- TASK PROMPT
What is printed must match, line for line, the records from their first line through the line containing "Sukienka o długości", with pictures left out.
-- GIVEN RECORDS follows --
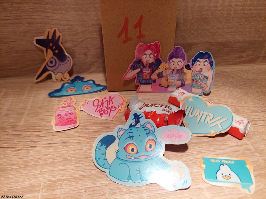 Dans leur calendrier « maison », les surprises du jour étaient des stickers K-pop demon hunters pour les deux. Ils viennent de la boutique LeStudioNekoShop.
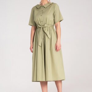 Sukienka o długości midi, wykonana z koszulówki. Góra z krótkim rękawem, zapięciem na guziki i półokrągłym kołnierzykiem o miękkiej linii. Sukienka z paskiem do wiązania z tego samego materiału. Dół rozkloszowany, z drobnymi zakładkami z tyłu, tworzy klasyczny fason w literę A.
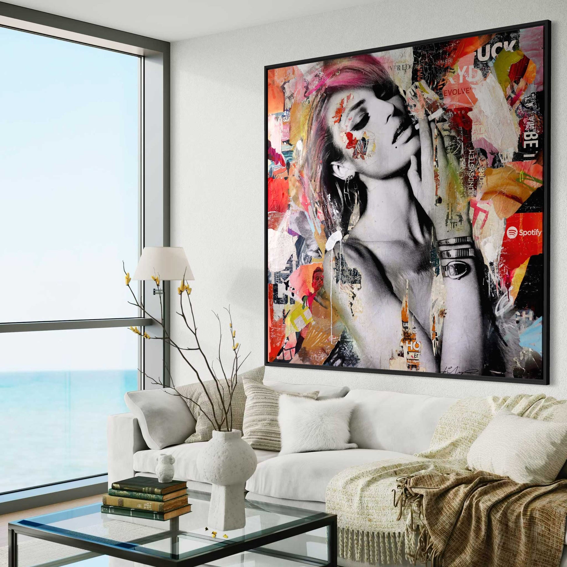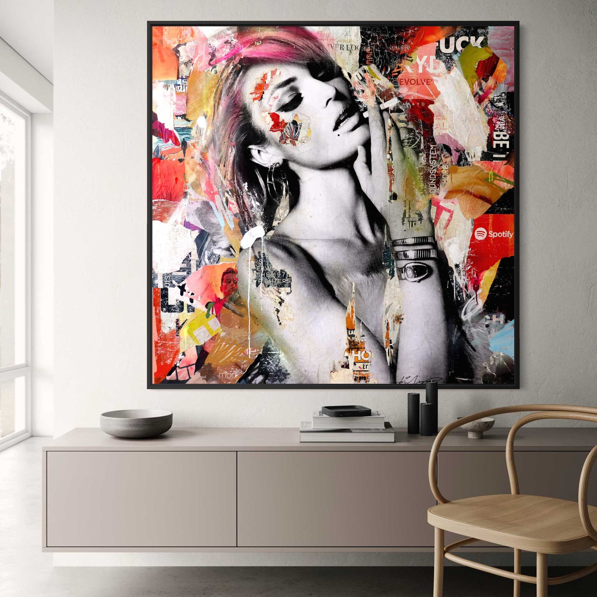 Aus handabgerissenen Plakaten, alten Werkzeugen und urbanen Fundstücken entstehen auf großen Leinwänden vielschichtige Werke mit ikonischen Persönlichkeiten wie Brigitte Bardot oder Kate Moss.
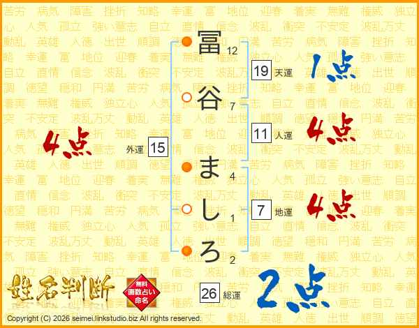 冨谷ましろさんの総運は26画の2点!
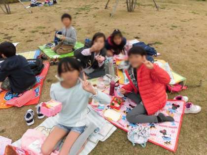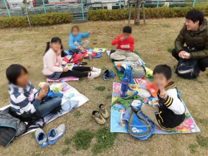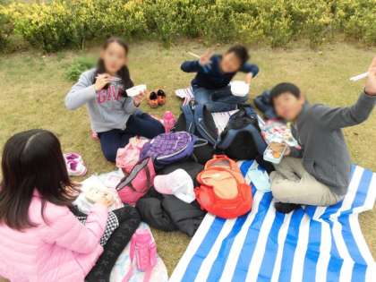 水の科学館前の芝生広場で楽しいお弁当タイムです。
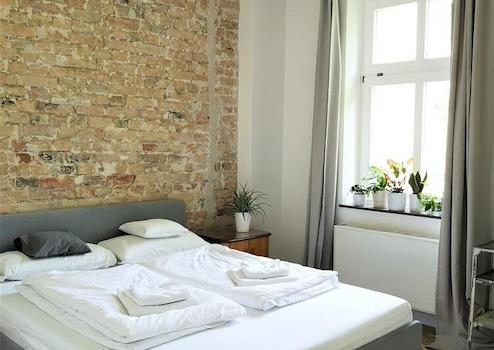 + Design Apartment mit frei gelegten Mauerwerk im Wohnzimmer
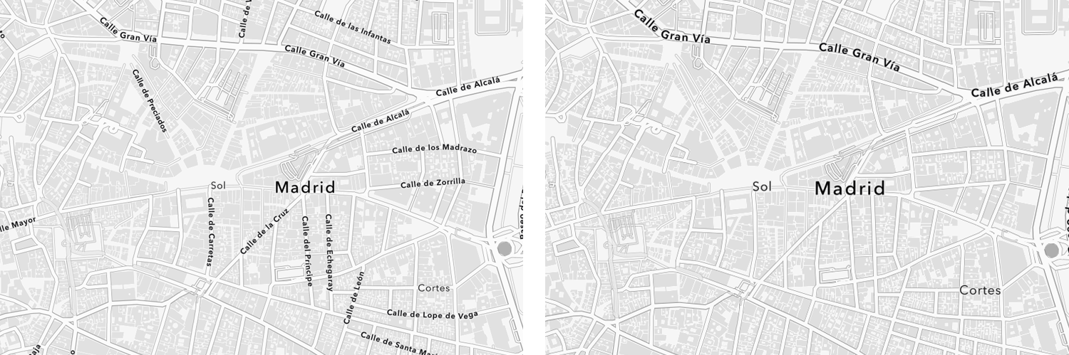 To accommodate the larger size, I introduced the labels at least one scale later than on the current map, and often two or more. This means that at any specific scale you will see fewer labels. Here are some before/after comparisons. The current map is on the left, and the ‘large label’ version on the right:
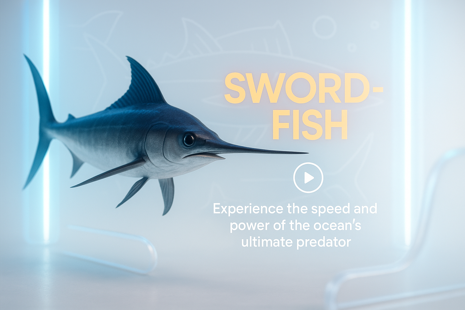 A visually striking 3D render of a swordfish, emphasizing its sleek design and dynamic presence, ideal for marine life exhibitions or educational content.
-- GIVEN RECORDS concluded --
- SOLUTION TO THE PROBLEM
 Dans leur calendrier « maison », les surprises du jour étaient des stickers K-pop demon hunters pour les deux. Ils viennent de la boutique LeStudioNekoShop.
 Sukienka o długości midi, wykonana z koszulówki. Góra z krótkim rękawem, zapięciem na guziki i półokrągłym kołnierzykiem o miękkiej linii. Sukienka z paskiem do wiązania z tego samego materiału. Dół rozkloszowany, z drobnymi zakładkami z tyłu, tworzy klasyczny fason w literę A.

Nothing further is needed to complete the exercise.